Гвардеец был ниже ростом и поплотнее, и лицо у него было дружелюбное. Это был борец. Он был из тех, кто улыбнется печальной скромной улыбкой, ввяжется в драку в баре и отбросит ближайшего человека через всю комнату. При всем при этом оба выглядели неглупыми, как хорошие спортсмены, обладающие практическим умом.
— Привет, — сказал я, — давно вы тут сидите?
И тут же понял, что дело будет худо, потому что я, как всегда, пришел усталый и хотя старался, чтобы голос звучал ровно, не сумел выдержать интонацию. Помню, я подумал, как по-разному сложился бы наш разговор, если бы они пришли говорить со мной не в дешевую меблированную комнату, а в современный дом, в котором я раньше жил, со встроенным баром и большим зеркалом во всю стену, в котором они видели свое отражение. Тот, что был похож на футболиста, держал в руке вырезку из газеты.
— Ваша фамилия О'Шонесси или Макшонесси? — спросил он, глядя на меня. У него была странная манера смотреть на человека. Он смотрел не в глаза, а на мою переносицу, и этому трюку надо было научиться, потому что я почувствовал себя еще хуже.
— Правильно первое.
— Морская пехота или авиация?
— Авиация.
Тот, что выглядел гвардейцем, продолжал с улыбкой смотреть на меня.

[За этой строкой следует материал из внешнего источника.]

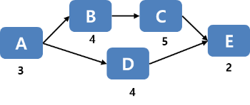다섯 가지 작업으로 구성된 프로젝트가 있고 작업 수행순서와 각 작업의 수행기간(일)이 그림 *과 같다고 가정하자.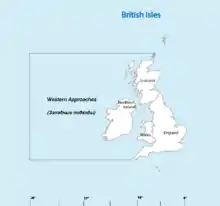 The Western Approaches is an approximately rectangular area of the Atlantic Ocean lying immediately to the west of Ireland and parts of Great Britain. Its north and south boundaries are defined by the corresponding extremities of Britain. The coast of the mainland forms the eastern side and the western boundary is the 30 degree meridian, which passes through Iceland. The area is particularly important to the United Kingdom, because many of its larger shipping ports lie within it.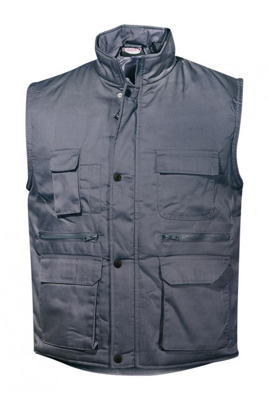 Γιλέκο υφασμάτινο με επένδυση και πολλές εργονομικές τσέπες. Μία άνω θήκη για κινητό και στυλό, μία άνω τσέπη βέλκρο, δύο τσέπες με φερμουάρ και δύο μεγάλες τσέπες κάτω βέλκρο. Λάστιχα στους ώμους για στεγανότητα από τον αέρα και μαύρα κουμπιά μπροστά για τέλεια εφαρμογή.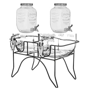 Vantagens principais: Praticidade: Fácil de limpar, podendo ser lavada à mão ou na lava-louças; Durabilidade: Feita em vidro transparente de alta qualidade; Estabilidade e estilo: Suporte de metal resistente e elegante; Torneiras práticas: Garantem um serviço fácil e eficiente; Personalização: Inclui espaço para identificar as bebidas com charme.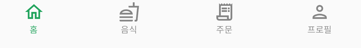 여기서 index는, BottomNavigationBar에서 나타낼 아이템 인덱스입니다. 위 그림에서 [’홈’, ‘음식’, ‘주문’, ‘프로필’] 아이템들의 인덱스를 말합니다.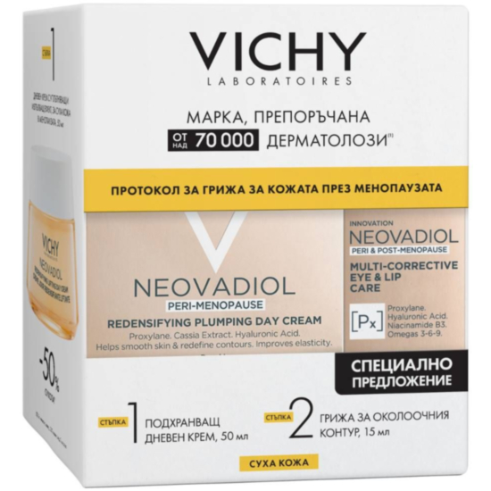 Комплектът Neovadiol на Vichy включва 2 страхотни продукта, които ще се погрижат за кожата на лицето в периода на перименопауза - дневен уплътняващ крем за суха кожа и мултикоригиращ крем за очи и устни.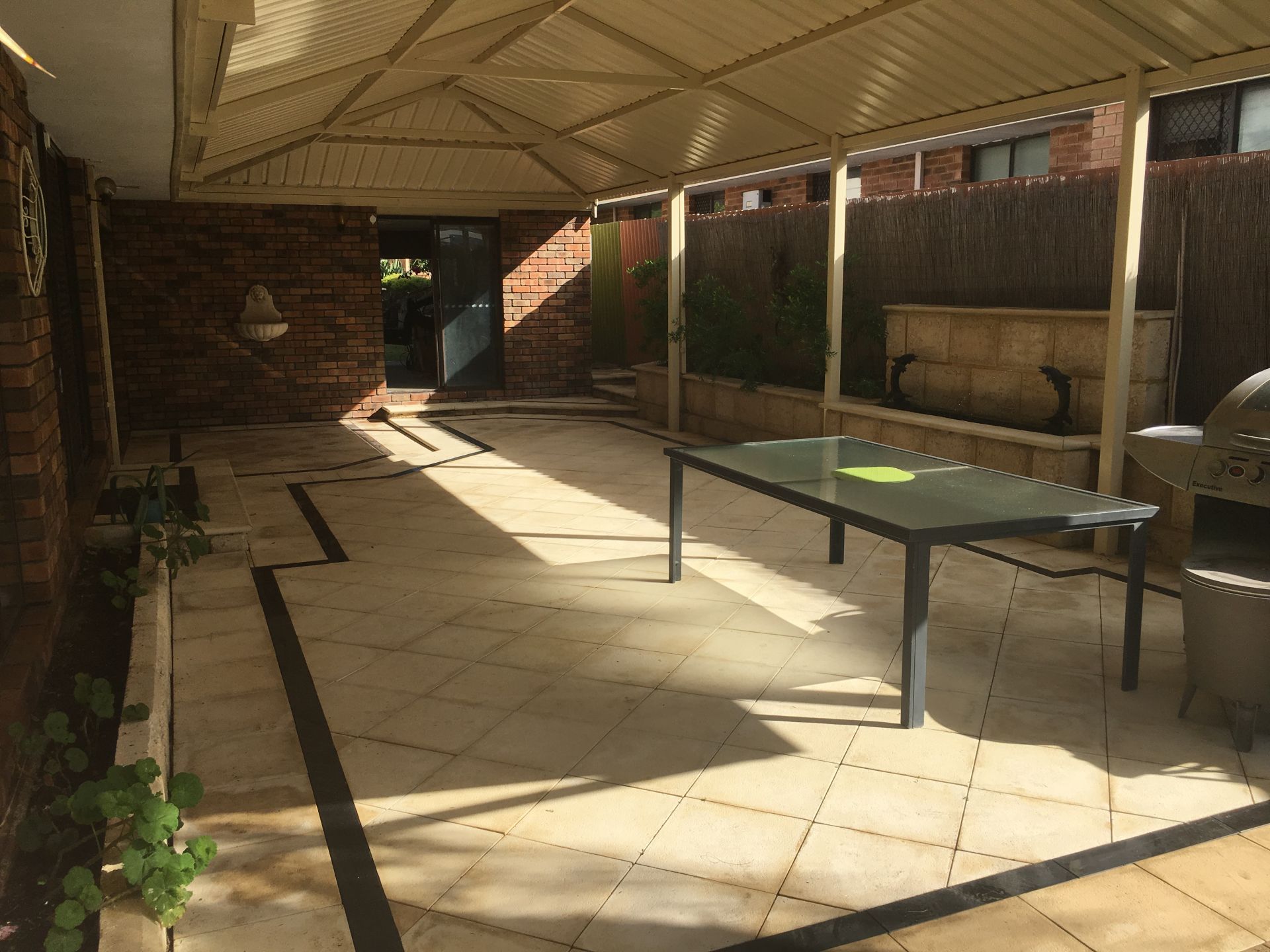 60 sqaure metre gable roof patio to enjoy entertaining whatever the weather.

— Почему вы выставляете себя капитаном морской пехоты? — спросил футболист.
— Я никогда этого не делал.
— Вы что, хотите сказать, что эта статья врет?
— Ну, знаешь, Мак, — сказал я, — ни одна газета никогда не допускает ошибок.
Он что-то буркнул и передал вырезку гвардейцу. Гвардеец заговорил с акцентом южанина.
— Слушайте, почему вы пишете свою фамилию так странно, через «е»? — спросил он.
— Об этом надо спросить моего папашу.
— Он был каторжником, да?
— Мой отец выступал в разных качествах, — сказал я.
— Да, — сказал футболист, — он был каторжником.